Dans les succursales de la SQDC, le prix unitaire du gramme le moins cher s’élève à 8,50 $. Mais sur internet, avec les frais de livraison, le coût grimpe à 14,25$.

Vers le marché noir

Les experts sont unanimes: plus le prix sur le marché légal est élevé, plus les clients se tournent vers le marché noir.

«C’est dérisoire, lance Maxime Guérin, avocat de la firme SGF. Les frais sont un antiincitatif pour l’éradication du marché noir. Si tu commandes pour 20 $ de cannabis à ton revendeur illégal, il ne te demandera certainement pas de payer son gaz!»

Une étude réalisée par une université ontarienne a établi que 57 % des consommateurs préfèrent s’approvisionner à une source illégale lorsque le prix du produit légal franchit les 14$ du gramme.

«Les usagers du cannabis sont sensibles à même de petits changements dans le prix par gramme et, passé un certain cap, ils vont renoncer aux avantages du marché légal», soutient Michael Amlung, professeur au département de psychiatrie de l’Université McMaster.

«Si vous aviez acheté pour le maximum permis de 30 g, ça amortit le coût de livraison sur un plus grand montant, et le coût par gramme se rapproche donc davantage du prix sur le marché noir», nuance le chien de garde des finances fédérales, Yves Giroux.

Certifié Santé Canada

De son côté, le gouvernement Trudeau espère que les consommateurs «préféreront un produit contrôlé par Santé Canada, vendu légalement, plutôt qu’un produit illégal contenant des produits chimiques et des moisissures».

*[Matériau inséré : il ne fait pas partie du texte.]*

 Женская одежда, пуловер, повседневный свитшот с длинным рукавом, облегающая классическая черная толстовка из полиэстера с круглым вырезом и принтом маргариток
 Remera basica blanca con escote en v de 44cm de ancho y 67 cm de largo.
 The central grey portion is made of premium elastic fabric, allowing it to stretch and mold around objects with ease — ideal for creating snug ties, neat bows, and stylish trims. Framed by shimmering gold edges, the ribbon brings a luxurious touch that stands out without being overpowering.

Mais pour l’opposition, l’accès limité au cannabis légal à un prix compétitif illustre le fait «que la légalisation a été faite de manière précipitée».

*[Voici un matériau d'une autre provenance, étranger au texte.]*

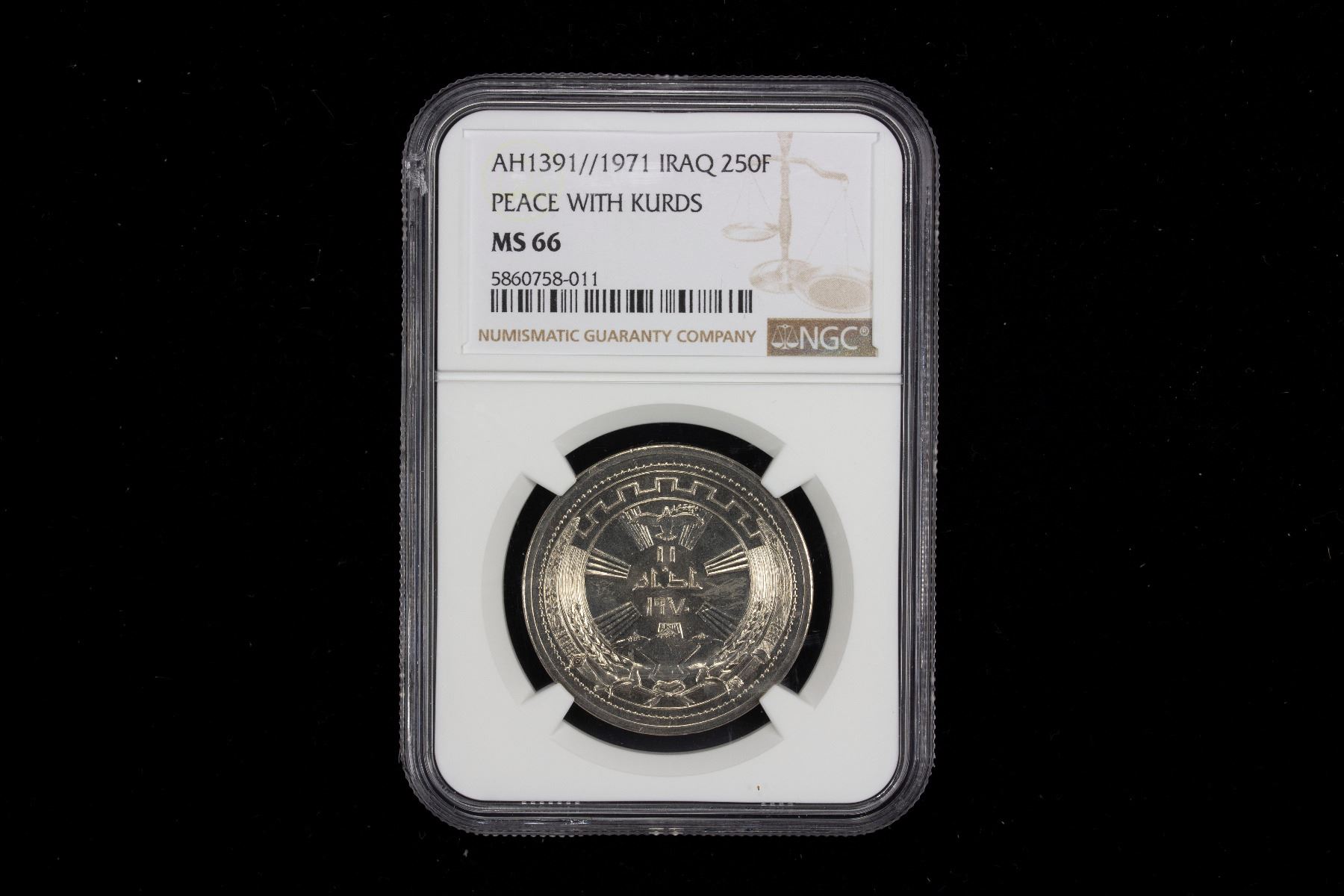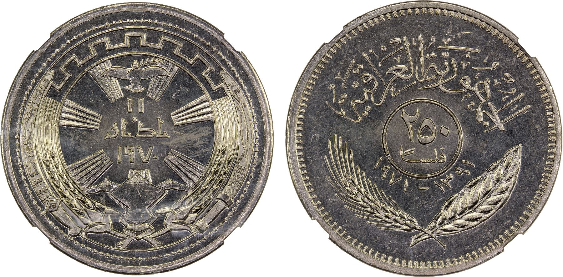 IRAQ: Republic, 250 fils, 1971/AH1391, KM-131, First Anniversary of Peace with Kurds, beautiful cartwheel luster, NGC graded MS66.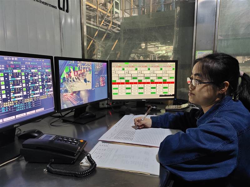 主控工陳小育一只手拿著訊響器播報(bào)中包溫度,另一只手正在認(rèn)真書寫中包溫度。五分鐘一次的播報(bào)溫度,十分鐘一次的記錄書寫,她就這樣一直忙碌著。推鋼工吉銳琴站在操作臺(tái)前,一會(huì)兒抬頭看看顯示器,一會(huì)兒看看臺(tái)下運(yùn)行的鑄坯,手指在按鈕上不停地“舞蹈”??雌饋?lái),似乎主控工和推鋼工的工作都很輕松、簡(jiǎn)單。實(shí)則不然,這完全考驗(yàn)她們的反應(yīng)速度、眼力、手力、心理承受能力等。她們堅(jiān)持將簡(jiǎn)單的事情重復(fù)做,重復(fù)的事情用心做,無(wú)怨無(wú)悔,用瘦弱的身體挑起了生產(chǎn)的重?fù)?dān),用實(shí)際行動(dòng)詮釋著巾幗擔(dān)當(dāng)。

Une guerre de prix inévitable

Une guerre de prix du cannabis entre le crime organisé et les vendeurs légaux sera inévitable, forçant ces derniers à baisser leurs prix pour rester compétitifs.

«Oui, on s’attend à ça [une guerre de prix]. Le marché noir va probablement ajuster ses prix, parce que c’est la première fois qu’il fait face à de la concurrence, explique le Directeur parlementaire du budget, Yves Giroux.

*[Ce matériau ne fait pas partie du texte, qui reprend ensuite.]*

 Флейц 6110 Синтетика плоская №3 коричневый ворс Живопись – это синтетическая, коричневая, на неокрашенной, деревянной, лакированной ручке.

«On a aussi prévu que le coût de production du prix légal va sûrement baisser au fur et à mesure qu’il y a plus de producteurs homologués et que la productivité augmente. Mais s’ils refilent ou pas la baisse du coût aux consommateurs, ça reste à voir», ajoute-t-il.

Déjà, la veille de la légalisation mercredi, «Le Journal» révélait que la guerre de prix semblait lancée par les revendeurs illégaux.

Sur le site d’autodéclaration priceofweed.com, plusieurs consommateurs rapportaient des prix réduits à travers le Québec.

Les tarifs au gramme variaient de 3$ à 5$, quoique la quantité achetée par transaction n’était pas précisée.

Jusqu’à trois fois plus cher

C’est donc jusqu’à trois fois moins que le prix pour 1 g de cannabis le moins cher disponible légalement en ligne au Québec.

«On l’a vu en Californie, on l’a vu au Colorado et on l’a vu en Oregon. Dès que le produit légal est devenu disponible, le marché noir était parfaitement capable d’ajuster ses prix. Ce qui est arrivé est que le marché noir a baissé ses prix considérablement, et c’est devenu une course vers le bas, et les prix ont chuté partout. C’est certainement possible que la même chose survienne au Canada», analyse Michael Amlung, professeur au département de psychiatrie à l’Université McMaster.

Même au cabinet de la ministre de la Santé fédérale, on admet s’attendre à des ajustements de prix de la part des vendeurs publics et privés légaux.

«Nous avons confiance que les prix se stabiliseront avec le temps. Nous avons confiance que la majorité des gens qui choisissent de consommer préféreront acheter leur cannabis légalement comme c’est aujourd’hui le cas au Colorado», a indiqué le porte-parole Thierry Bélair.